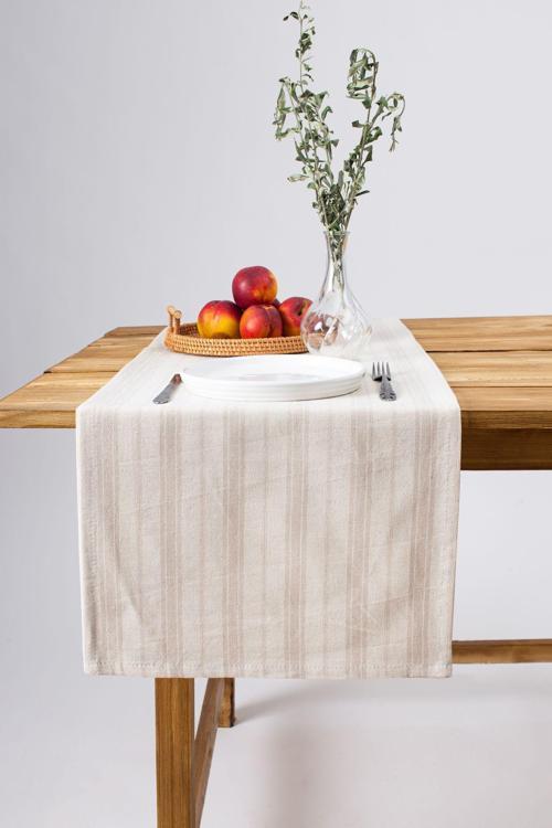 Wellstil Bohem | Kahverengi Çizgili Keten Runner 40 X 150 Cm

# # #

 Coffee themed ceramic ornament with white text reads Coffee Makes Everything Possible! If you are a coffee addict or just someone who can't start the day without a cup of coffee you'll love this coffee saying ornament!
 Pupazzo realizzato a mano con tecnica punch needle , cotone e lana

# # #

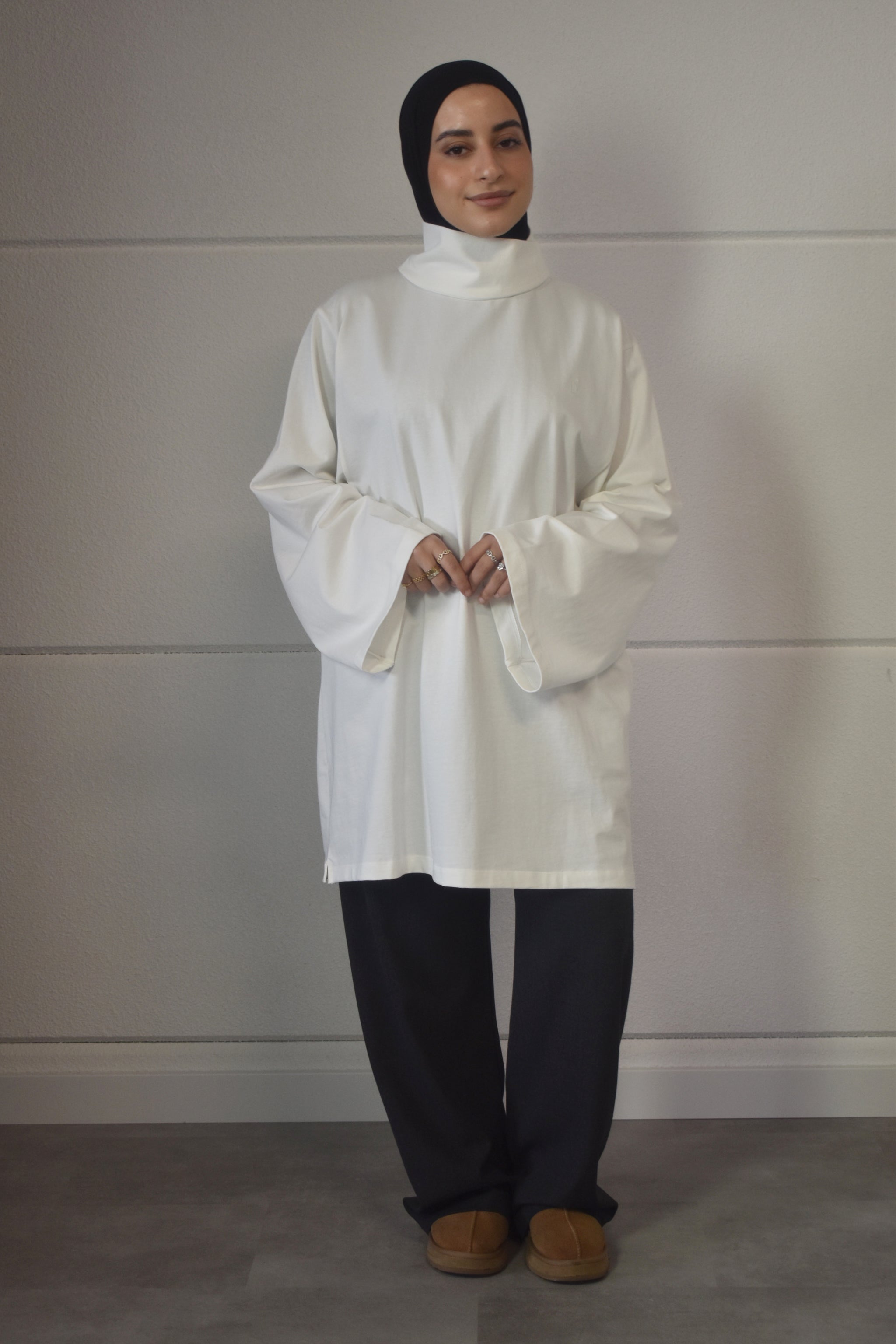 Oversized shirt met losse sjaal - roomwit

# # #

# Work instruction
Which lines run from the one holding "Coffee themed ceramic" through the one holding "Pupazzo realizzato a" in the records above? Repeat them exactly, both included, and nothing more.

# Response to this exercise
 Coffee themed ceramic ornament with white text reads Coffee Makes Everything Possible! If you are a coffee addict or just someone who can't start the day without a cup of coffee you'll love this coffee saying ornament!
 Pupazzo realizzato a mano con tecnica punch needle , cotone e lana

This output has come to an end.